Any regular readers of this column know that my wife, Emily, is pregnant with our first child. Upon hearing this news in June, I promptly began preparing to lay down a case of wine to enjoy with my unborn son 25 years down the road. Two months ago, I wrote about the process of aging wine – how to select it, where to store it, when to drink it, and so forth. Last month I delved into the all-important question of which wines are worth aging by cataloguing five of the wine categories that made their way into the mixed case I put together. This column finishes that project by reporting on the four remaining categories of wine I’ve chosen for my son’s case. In so doing, hopefully I’ll lend some help to others who are searching for wines to put away for a special occasion.
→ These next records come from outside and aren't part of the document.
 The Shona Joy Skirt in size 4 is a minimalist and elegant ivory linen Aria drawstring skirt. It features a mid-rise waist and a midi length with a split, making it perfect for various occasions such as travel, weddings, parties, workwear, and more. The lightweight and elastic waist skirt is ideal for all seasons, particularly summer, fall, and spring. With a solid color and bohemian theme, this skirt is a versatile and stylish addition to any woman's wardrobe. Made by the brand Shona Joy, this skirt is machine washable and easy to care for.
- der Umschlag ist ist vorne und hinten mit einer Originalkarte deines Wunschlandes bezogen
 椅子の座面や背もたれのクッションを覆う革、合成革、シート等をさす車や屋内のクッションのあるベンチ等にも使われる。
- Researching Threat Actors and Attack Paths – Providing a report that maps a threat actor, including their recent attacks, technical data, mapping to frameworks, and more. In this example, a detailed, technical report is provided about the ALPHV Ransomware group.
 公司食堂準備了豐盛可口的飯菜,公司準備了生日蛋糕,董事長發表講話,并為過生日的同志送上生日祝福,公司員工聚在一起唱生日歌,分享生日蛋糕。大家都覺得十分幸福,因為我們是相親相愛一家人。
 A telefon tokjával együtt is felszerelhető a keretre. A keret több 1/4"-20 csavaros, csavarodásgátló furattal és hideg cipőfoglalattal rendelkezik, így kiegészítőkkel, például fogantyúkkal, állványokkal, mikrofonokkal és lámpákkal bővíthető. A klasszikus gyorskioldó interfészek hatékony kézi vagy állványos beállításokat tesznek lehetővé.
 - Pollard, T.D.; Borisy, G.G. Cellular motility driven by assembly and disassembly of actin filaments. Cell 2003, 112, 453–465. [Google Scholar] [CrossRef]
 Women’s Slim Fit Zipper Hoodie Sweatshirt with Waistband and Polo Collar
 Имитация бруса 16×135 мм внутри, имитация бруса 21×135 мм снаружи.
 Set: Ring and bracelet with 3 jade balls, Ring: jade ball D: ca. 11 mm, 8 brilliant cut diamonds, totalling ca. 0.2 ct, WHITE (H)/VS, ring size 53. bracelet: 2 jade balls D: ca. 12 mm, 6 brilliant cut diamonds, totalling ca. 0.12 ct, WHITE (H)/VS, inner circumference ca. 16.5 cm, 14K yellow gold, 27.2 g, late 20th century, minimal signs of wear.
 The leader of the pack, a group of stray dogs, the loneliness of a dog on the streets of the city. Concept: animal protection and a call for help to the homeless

It’s essential to emphasize, as I have before, that the wines that follow are by no means the only ones worth aging. Lots of wines that will improve for 25 years and beyond – including Barolo, Tokaji, Madeira, and some California Cabernet – don’t appear in these columns due to limited time and resources. If I tried to explore every age-worthy wine out there, I would be the happiest homeless man you’ve ever met. With a baby on the way, it seemed wisest to restrict myself to 12 bottles and pay our rent.
Barbaresco
The three greatest – and most age-worthy – Italian wines all start with the letter ‘B’: Brunello di Montalcino (from Tuscany), and Barolo and Barbaresco (both from Piemonte). Among these, the wine that is the most obvious choice for long-term aging is Barolo, which comes from the small region that surrounds the town of the same name in the highlands of northwestern Italy. So I went in search of the perfect Barolo to lay down for a quarter century.
I didn’t find it. I expected that a Barolo from the most recent critically acclaimed vintage – 2001 – would fit the bill. But in talking to folks in the trade who knew Italian wine, I learned that although 2001 was an excellent vintage, it lacked the kind of structure and acidity that forms the backbone of a wine that will improve over a few decades. Some 2001s might still be drinking well in 2030, I was told, but it’s not a sure bet.